The lines needed run from the one that contains "I tested a variety" through the end of the material below, both included; write them out exactly, with no pictures.

▶ The data:
=== Begin Enclosure ===

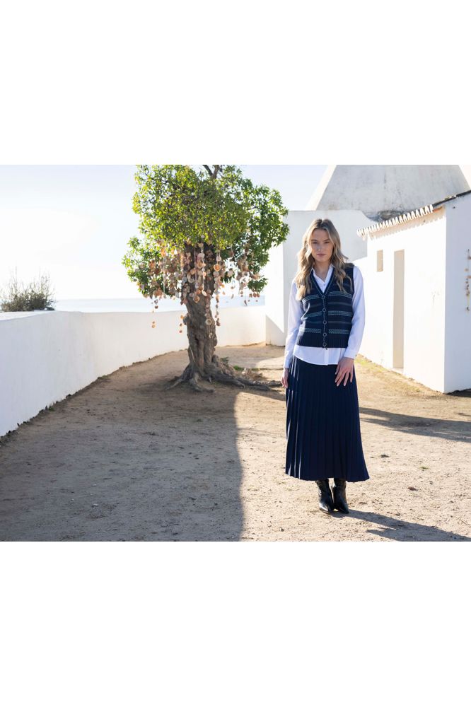 Elevate your wardrobe with this vest top, featuring a sophisticated colour-block design in navy and seafoam. The coordinating button-through front adds a polished, intentional touch that transitions effortlessly from casual to dressed-up occasions. Crafted for versatility, this piece pairs beautifully with tailored trousers, denim, or layered under lightweight knitwear. The harmonious colour palette brings a fresh, contemporary edge to any outfit, making it an essential addition to your everyday collection.
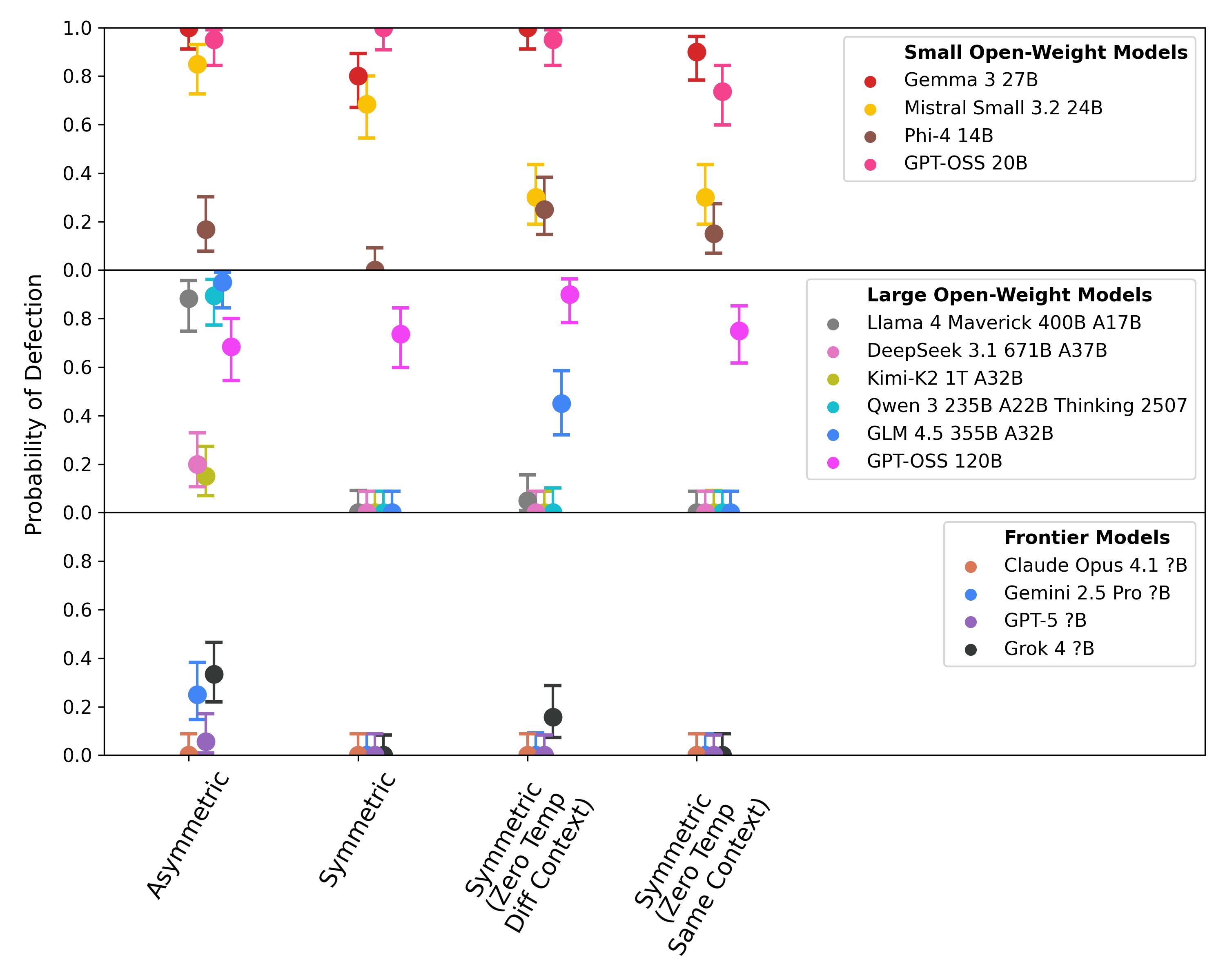 I tested a variety of small and large open-weight models, as well as large closed-weight frontier models. These models displayed an interesting variety of behaviors:
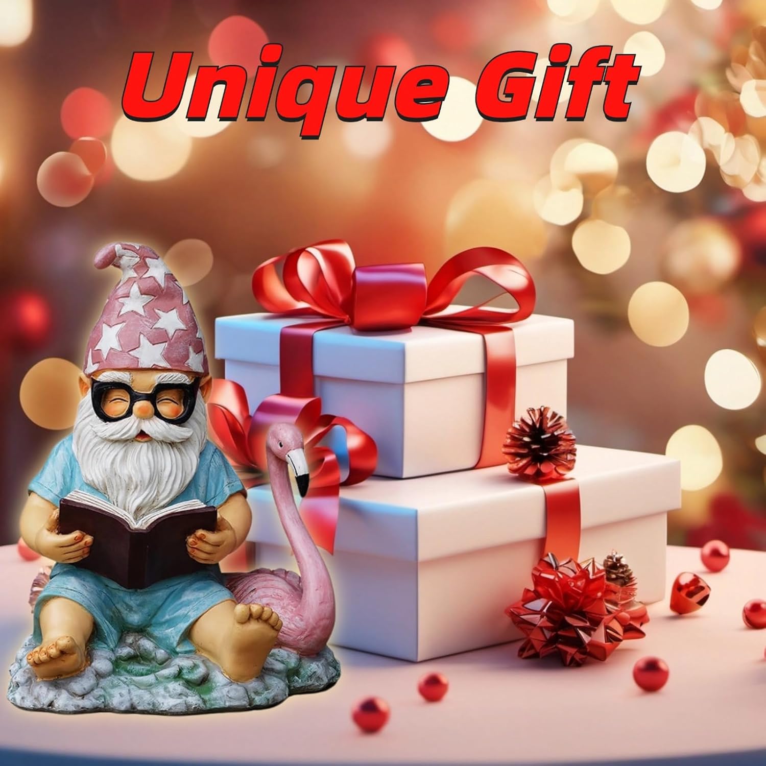 - Unique Appearance Design: This funny statue features a gnome wearing glasses and a pink hat with white stars, engrossed in a book, with an elegant flamingo leaning beside him. This whimsical pairing brings both fun and vibrancy to your garden

=== End Enclosure ===

▶ Written answer:
 I tested a variety of small and large open-weight models, as well as large closed-weight frontier models. These models displayed an interesting variety of behaviors:
 - Unique Appearance Design: This funny statue features a gnome wearing glasses and a pink hat with white stars, engrossed in a book, with an elegant flamingo leaning beside him. This whimsical pairing brings both fun and vibrancy to your garden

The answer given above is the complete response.